Jlama - Seamless Java Integration with Jlama for Large Language Model Inference

🦙 Jlama: A Modern LLM Inference Engine for Java

Jlama is an advanced inference engine designed specifically for running large language models (LLMs) within Java applications. It serves as a bridge between powerful language models and Java developers, making it easier to deploy and utilize these models effectively in Java environments.

🚀 Features

Jlama supports a variety of well-known models including:

Gemma & Gemma 2
Llama, Llama2 & Llama3
Mistral & Mixtral
Qwen2
IBM Granite
GPT-2
BERT

Jlama also provides support for the BPE and WordPiece tokenizers, as well as other functionalities:

Paged Attention: Efficiently manages attention mechanisms within models.
Mixture of Experts: Utilizes specialized subnetworks within the model to provide better performance.
Tool Calling: Supports calling external tools during model inference.
Generate Embeddings: Lets users obtain embeddings from text inputs.
Classifier Support: Enables model use in classification tasks.
Huggingface SafeTensors: Supports SafeTensors model and tokenizer formats.
Data Type Support: Handles F32, F16, BF16, Q8, and Q4 model quantization and fast GEMM operations.
Distributed Inference: Allows distributed processing of model inferences.

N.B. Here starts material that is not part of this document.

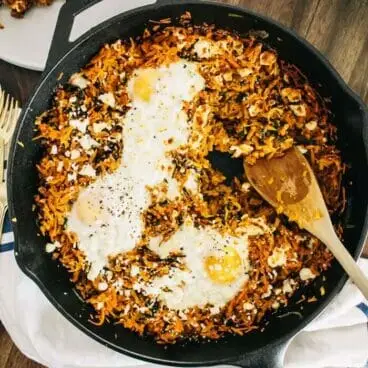 Esta frigideira de batata-doce apresenta batata-doce ralada crocante, folhas verdes, ovos e queijo feta, servido como um jantar vegetariano simples.
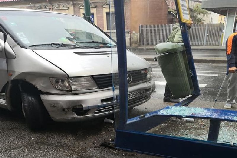 Accident grav pe o stradă intens circulată din Timișoara. Un microbuz s-a 'înfipt' într-o stație de tramvai

These features require Java 20 or newer, leveraging the Vector API for high-speed inference.

🤔 What is it used for?

Jlama is used to integrate advanced LLM inference capabilities directly into Java applications, streamlining the development process for Java developers who want to harness the power of LLMs.

🔬 Quick Start

🕵️‍♀️ Local Client Usage (with jbang!)

Jlama offers a command-line interface (CLI) that simplifies the process of working with models.

Install jbang:

curl -Ls https://sh.jbang.dev | bash -s - app setup

Install Jlama CLI:
```
jbang app install --force jlama@tjake
```
Download and Run a Model:
```
jlama restapi tjake/Llama-3.2-1B-Instruct-JQ4 --auto-download
```
Access the chat UI via http://localhost:8080/.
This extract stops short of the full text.